The US Corporate Profit Recession Is Over

It’s official (almost): The US corporate earnings recession is over (with 89% of index market cap reporting).

Headed into reporting season, consensus expected flat YoY earnings. So, no growth. Instead, S&P 500 companies collectively managed to grow the bottom line by 4% compared with the same period a year ago.

If you strip out energy, earnings growth was 10%.

Assuming the upside to consensus holds, Q3 will go down as the first quarter of positive YoY growth in a year. This profit recession was short and shallow.

As Goldman’s David Kostin detailed, 59% of reporters beat on the bottom line by at least one standard deviation, considerably better than the historical average of 48%.

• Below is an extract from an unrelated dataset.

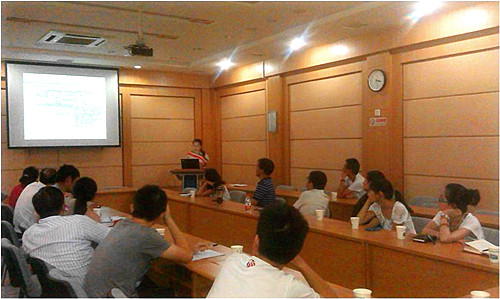 会上,常春藤公司商务管理部张连刚、张杜鹃结合各自工作实际,分别做了题为《景观绿化工程施工》和《中国人民解放军武汉疗养院景观规划方案》的报告,来武汉植物园交流学习的美国哈佛大学在读硕士王海韵也就目前国外景观园林的研究热点问题做了题为《Design with process》的报告。随后,与会人员就感兴趣的问题进行了热烈讨论。园艺中心主任刘宏涛对报告、讨论内容进行了点评。常春藤公司总经理胡振玉做总结发言,他认为一名职业的园林艺术工作者必须具备三个素质:一是深入实际,二是要有浪漫气质,三是要有创新精神,他鼓励年轻人多学习,多交流,不能急功近利。

Notably, margins improved 50bps from Q2, to 11.6%, 40bps better than consensus saw at the beginning of October. Analysts expect that trend to reverse in the current quarter.

Sales growth, by contrast, disappointed, or at least in terms of the prevalence of beats. Just a third of firms managed to beat consensus on the top line, 10ppt below the first-half rate. Overall, sales growth was just 3%.

There’s some consternation around revisions. Current-quarter estimates have been cut by around 4% so far. 2024 profit forecasts are down around 1%.

And yet, as Kostin pointed out, that isn’t unusual. “Negative revisions to Q4 EPS during Q3 earnings season appear to be a return to the typical pattern,” he wrote.

Looking back nearly two decades, quarterly EPS estimates fall by 6% in the months prior to reporting season, consistent with the current trajectory of revisions to Q4 EPS forecasts.

The same can generally be said of the cuts to 2024 estimates. Historically, year-ahead estimates drop by 1% during the first month of Q3 reporting season.

Happily, it’s now more likely that companies will “beat” (note the scare quotes) when they report Q4 results early next year. “The cuts to Q4 2023 EPS estimates since the end of September now suggest sequential margin contraction, once again setting a low bar for companies,” Kostin went on, noting that consensus now implies 75bps of margin compression from Q3 to Q4.

“Although seasonality could weigh on margins in Q4, stocks have consistently beat margin expectations in the first three quarters of the year and input cost pressures continue to ease,” Kostin said.